13 марта 1881 г. козни нигилистов увенчались успехом. Хотя первая бомба, брошенная в сани Государя, ранила лишь несколько солдат из его эскорта, и самому Императору удалось бы избежать гибели, если бы он не вышел из экипажа и не подошёл к раненым, чтобы им помочь. В это время была брошена вторая бомба, которая ранила Александра II смертельно. Императора принесли в Зимний Дворец совершенно изувеченного, где он и скончался. А в это время толпа его верноподданных, собравшаяся на Дворцовой площади под окнами Зимнего Дворца в молчании слушала заунывный благовест Исаакиевского собора.
Говорят, что в день своей смерти Александр II подписал указ о даровании русскому народу конституционного образа правления. Акт этот так и не был приведён в исполнение. Сторонники либеральных реформ утверждали, что, если бы России была бы тогда дана конституция, русская история пошла бы по совершенно·иному руслу и революция прекратилась бы.

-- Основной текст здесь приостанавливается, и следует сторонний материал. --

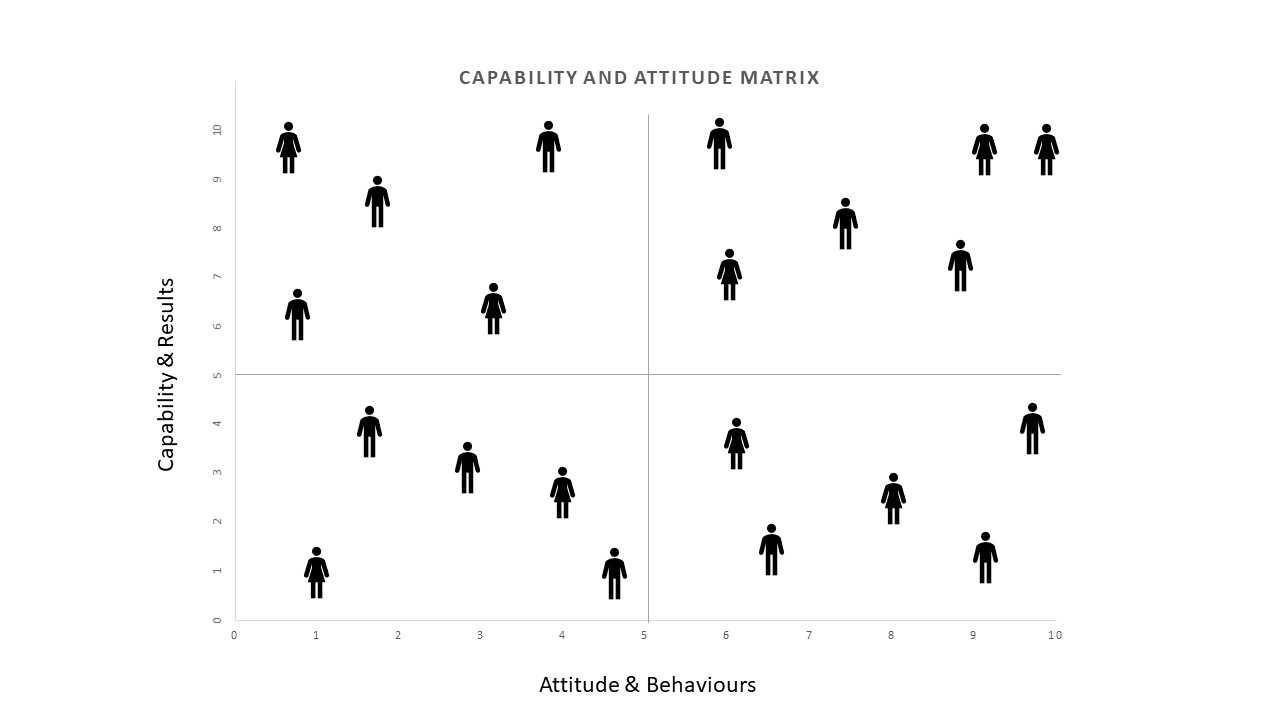 Those in the bottom right quadrant, above average in attitude but below average in capability and results, need individual action plans to build their capability. Those in the bottom left need individual plans too, but here, significant improvement in both areas in necessary if they are to remain on the bus.

В громадном и внушительном Александре III не было живости и доступности его отца. Он жил в полном уединении в Гатчине, приезжая в столицу только для придворных приемов и дел. Его супруга Императрица Мария Фёдоровна отличалась, наоборот, очень весёлым нравом, и многие представители аристократии даже ставили ей в вину её живость и любовь к развлечениям. Но она была слишком популярна, чтобы мнения её критиков могли бы изменить её положение в обществе. Где бы она ни появлялась, сияние её глаз, её жизнерадостность и тонкий юмор привлекали к ней симпатии всех окружающих.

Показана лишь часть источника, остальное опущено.